As a visual specialty, dermatology has long relied on pattern recognition, a strength that has also shaped how it has been taught and practised. But Dr. Joseph notes that those patterns have historically reflected a narrower range of people than those seeking care. For example, physicians are taught to look for ‘redness’ as a key sign of inflammation, yet this isn’t always present in individuals with more richly pigmented skin tones.
Yet, Dr. Joseph sees her field and her new role as doing much more than advocating for better representation in textbooks and clinical guidelines.
“It’s about how disease is managed, how treatments are studied and how confident clinicians feel when they’re making decisions,” she says.
That focus extends into the design and delivery of clinical research itself. Joseph notes that many dermatologic treatments — particularly in rapidly advancing, immune-mediated conditions — were studied in populations that did not fully reflect the diversity of those now receiving them. As a result, questions around effectiveness, safety and real-world response have not always been answered equally for all people affected by skin conditions.
In her capacity as AbbVie Chair, Dr. Joseph will champion dermatologic research that intentionally includes diverse populations — not only to improve equity, but to strengthen the evidence base clinicians rely on when making treatment decisions. More representative trials, she says, lead to more precise, confident and effective care for everyone.
“Research drives practice,” she says. “If people aren’t meaningfully included in clinical trials, that gap follows them into the clinic.”
Her mandate also spans education and clinical translation. Serving in the AbbVie Chair role, Dr. Joseph will work to ensure future clinicians are trained to care for all skin tones with confidence, as well as support the adoption of new knowledge in everyday clinical practice.
Education, she says, is where the most transformative and lasting change can take hold.
“When trainees learn to assess skin disease across skin tones and understand the barriers patients face in accessing care, that knowledge stays with them for their entire careers,” Dr. Joseph says. “Education becomes a tool for healing.”
This educational work will also extend well beyond dermatology alone. In Canada, most skin conditions are assessed and treated by family physicians, pediatricians and emergency clinicians — making broad, accessible dermatologic education essential.
“Dermatologists represent a very small portion of the clinicians who see skin disease,” Dr. Joseph says. “If we want to change how care is delivered, we have to reach everyone involved — from undergraduate medical education through continuing professional development across specialties.”
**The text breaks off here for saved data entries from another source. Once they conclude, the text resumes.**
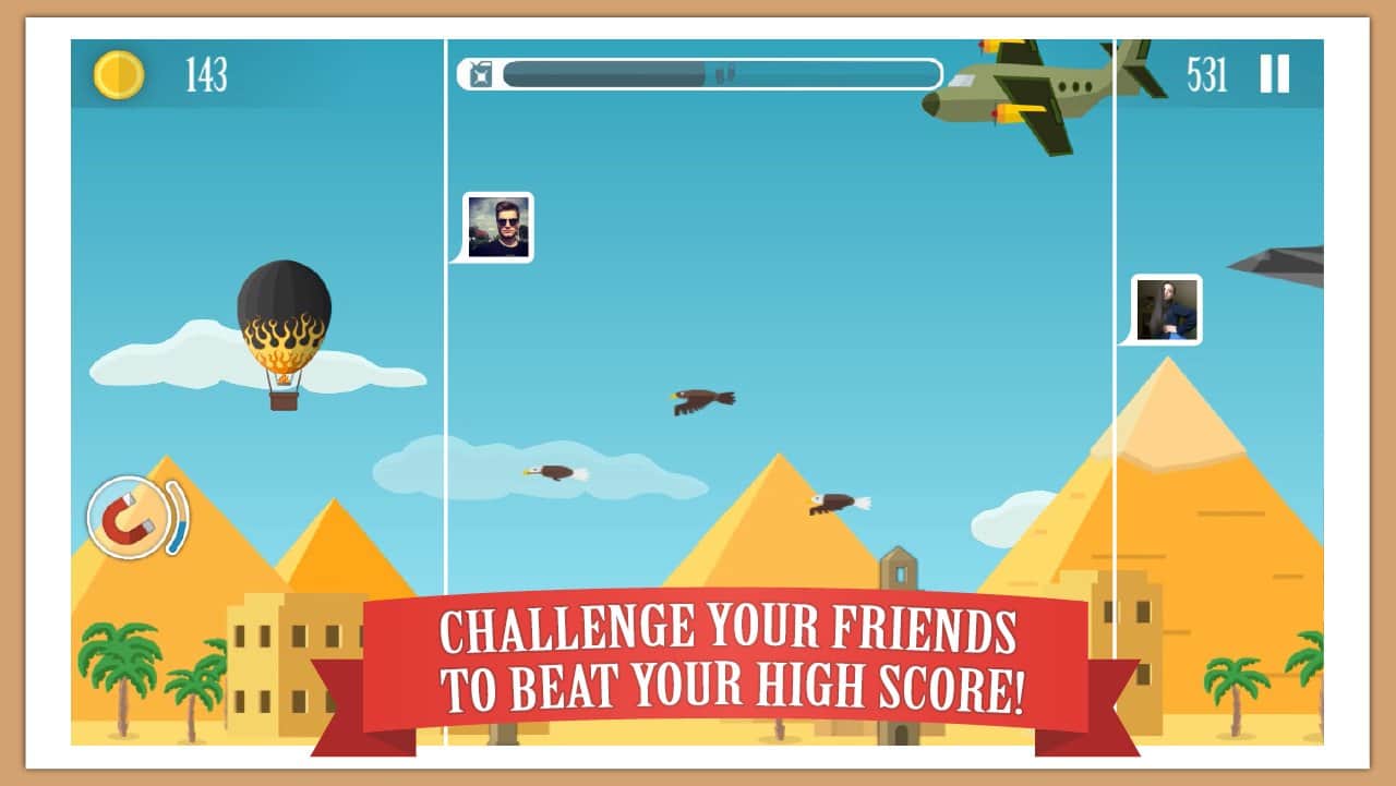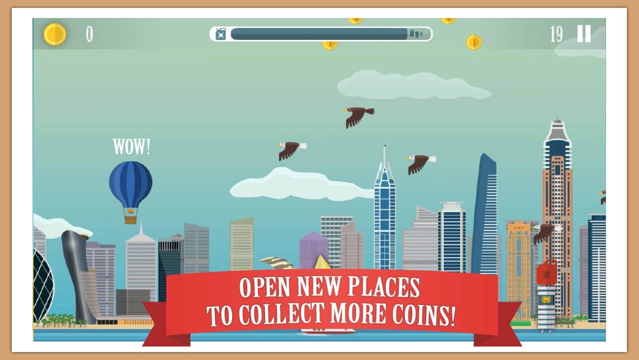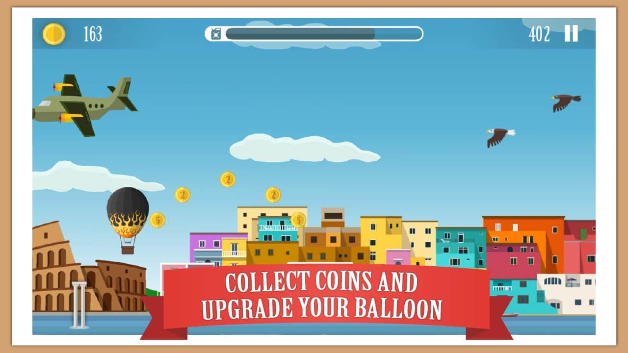 Crazy Air Travel – захоплююча аркада для андроїд, де ви будете керувати польотом повітряного кулі. У цій грі вашим завданням буде літати над різними локаціями і уникати зіткнень з численними перешкодами і перешкодами на шляху. Керуйте польотом кулі і збирайте по шляху численні монетки, бонуси і посилення. Виконуйте всі місії ігри і намагайтеся заробити якомога більше очок і піднятися на самий верх таблиці лідерів. Пройдіть більше 90 рівнів гри і відкрийте для себе всі повітряні кулі, представлені в грі. Прокачуйте силу польоту, ємність бензобака, отримуйте щити, збирайте магніти і монетки.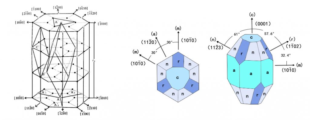 Figure 1.The Lattice Structure of Sapphire and Common Sapphire Crystal Orientations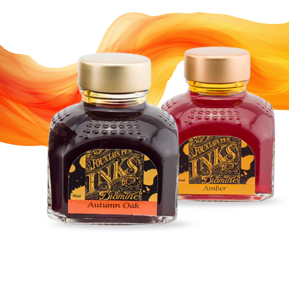 Diamine fountain pen inks offer one of the broadest and most well-loved colour ranges in the fountain pen world. The collection includes dependable everyday shades like black, blue, and blue-black, as well as expressive reds, greens, purples, browns, and softer pastel tones. We've grouped all of the Orange and Orange leaning colours, to make choosing your ideal shade, easier.

In addition, outreach and partnership are central to the AbbVie Chair’s mandate. Dr. Joseph emphasizes the importance of working alongside communities and health-care providers to understand lived experience, build trust and ensure care is culturally safe.
“When medicine becomes more inclusive, it becomes more accurate,” she says. “And when patients feel seen and understood, they’re more likely to engage with care. Trust is not a soft outcome. It directly affects health.”
Dr. Joseph’s work will also be centred on accountability: setting meaningful goals, measuring progress and ensuring commitments to equity extend beyond moments of heightened attention.
“This can’t be performative,” she says. “If we’re serious about change, we have to be able to reflect back and ask what we’ve actually done and whether it’s made a difference.”